We recently met the management of Cholamandalam Investment and Finance Company (CIFC) and came back reassured. In addition to the broader slowdown in the auto OEMs, the recent headwinds in the NBFC space and the consequent tight liquidity have forced most vehicle financing NBFCs to go slow on growth, but not CIFC. We feel, given CIFC’s franchise, it will be a disproportionate beneficiary of the distortion that has plagued NBFCs in the last nine months. With a diversified bouquet of products in the vehicle financing space and a much improved home equity (HE) franchise, it can use the levers to improve its NIMs while keeping the operating cost ratios stable. We expect it to contain credit costs within 80bps for FY20E resulting in a healthy RoA of 2.3% (with improvement bias). Maintain ADD with a target price of Rs 305 (from Rs 300 earlier).

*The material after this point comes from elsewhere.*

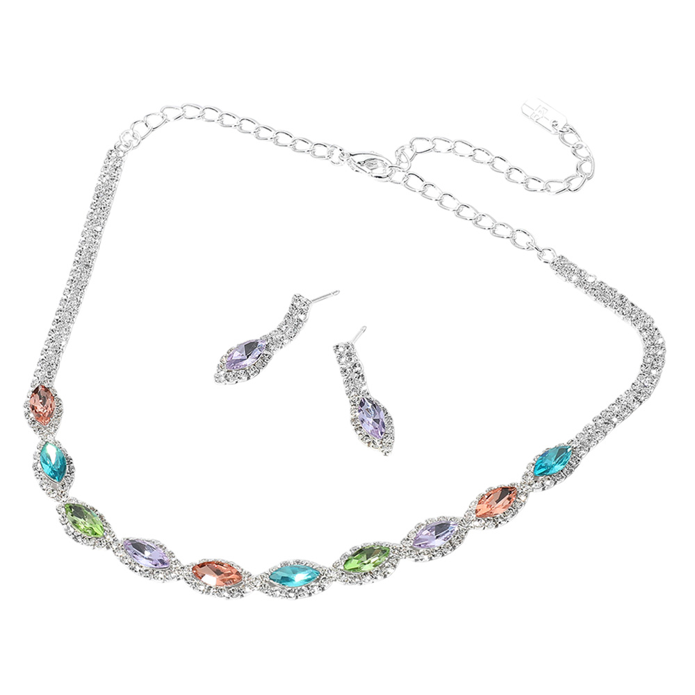 Marquise Stone Cluster Link Rhinestone Paved Evening Choker Necklace

There is a behavioural shift in the buying behaviour of customers. New vehicles are now typically sold in the fourth/fifth year compared with sixth year earlier. This can be partly attributed to the impending scrappage policy (in whatever form it comes — mandatory scrapping or massive hike in re-registration of old vehicles). As such, both the demand and the supply are good in the used vehicles segment. While the HCV segment has shown negative growth this year, both SCV and LCV segments continue to do well.

While the PV sector as a whole has slowed down, the car and MUV segment of CIFC continued to do relatively well. Its focus remains on low-cost vehicles like the Alto and Etios in PVs and the likes of the Bolero in MUV which can be deployed for productive as well as personal use.